The closest car park to the best section of the wall is at Steel Rigg just before the visitor centre at Once Brewed (poss. Twice Brewed) Theres a pub and a camp site nearby. The car park is up a narrow road and is quiet isolated, the walk takes you along the crag to the Roman Fort at Houseteads. This is the section of wall which appears on most of the advertising fore the wall. As far as I can remember Steel Rigg is signed off the military road.


----------



## Jagman (Feb 16, 2008)

Hi tramp

Best to buy OS Landranger 1:50000 sheets 86 & 87 as they clearly show the line of the wall and name all the major features including forts, camps, milecastles, temples etc. WH Smith had a buy one get one half price offer I think, it may be worth trying there. If only buying one go for 86 as it has most useful coverage and there is quite an overlap.
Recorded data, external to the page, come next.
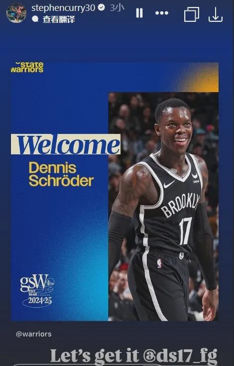 与此同时,勇士也正式宣布从篮网获得施罗德和 1 一轮又一轮的交易,支付了梅尔顿、比克曼和 3 作为筹码,库里第一时间发了一条欢迎信息,给了新援足够的面子。
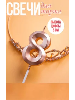 Свеча для торта "Розовое золото" - цифра 8
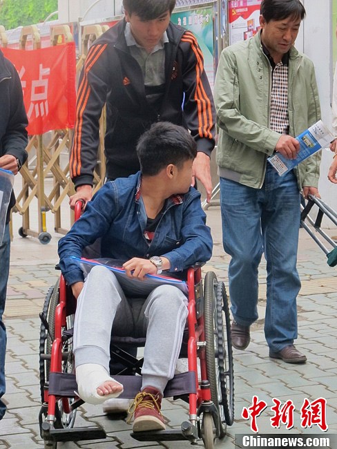 6月7日,中国高等教育入学考试在全国各地统一举行。图为新疆乌鲁木齐第八中学门口,一位坐轮椅的考生在同学的帮助下来到考点。中新社发 杨喆 摄

Armed with the maps the wall is a great adventure. I agree with Carvoran as a good first visit as it gives an excellent overview of the whole system
GR 667658 Sheet 86. Only problem with visiting excavated sites is that they take up lots of time because they are so good so if you've only got one day the museum plus a drive along the B6318 is the way to do it. As already posted there are lots of good parking spots on the B6318 near to features, views, walks etc and there are lots of information boards to keep you informed.

Steel Rigg is at GR752677 on Sheet 86 (and 87 for that matter - overlap!) and there is an excellent walk there.
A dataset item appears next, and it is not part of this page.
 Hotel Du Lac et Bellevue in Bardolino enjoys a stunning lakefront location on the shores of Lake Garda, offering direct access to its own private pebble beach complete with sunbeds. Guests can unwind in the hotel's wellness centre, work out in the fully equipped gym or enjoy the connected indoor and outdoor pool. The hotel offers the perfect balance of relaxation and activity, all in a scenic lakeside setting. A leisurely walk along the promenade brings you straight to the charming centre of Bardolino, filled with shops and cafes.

Whole visit is first class and can be developed into longer exploration if you have more than one day e.g. visiting section west of Gilsland, visiting camps, forts etc, looking for preserved remains in local villages and even in farmsteads, and going off the line of the wall to places like Corbridge.

The drive along the B6318 between Greenhead (Carvoran) and Chollerford (GR919706 - Sheet 87) is brilliant and memorable with lots of exploration opportunities. Once you've been to the wall you may well get hooked as we have - visit a couple of time a year and always enjoy it and find something new (or rather old - you know what I mean!)

Hope this is useful

Happy travels


----------



## 101578 (Oct 28, 2006)

There's a small layby we stopped overnight in at Banks nr Brampton.


----------



## tramp (May 25, 2005)

*asdlhlv*

hi everybody.
Thanks very much for the excellent info bound to be a good trip even if wet  still maybe september will be better.

tramp


----------



## Bubblehead (Mar 5, 2007)

About 10-15 miles north of the wall is the village of Belligham which has an excellent CS/CL on a farm right in the middle of the village. It has the fastest chickens in the land when theres food on offer.

Cawfields quarry is on the wall and has a secluded carpark, but I havnt been for years

Andy


----------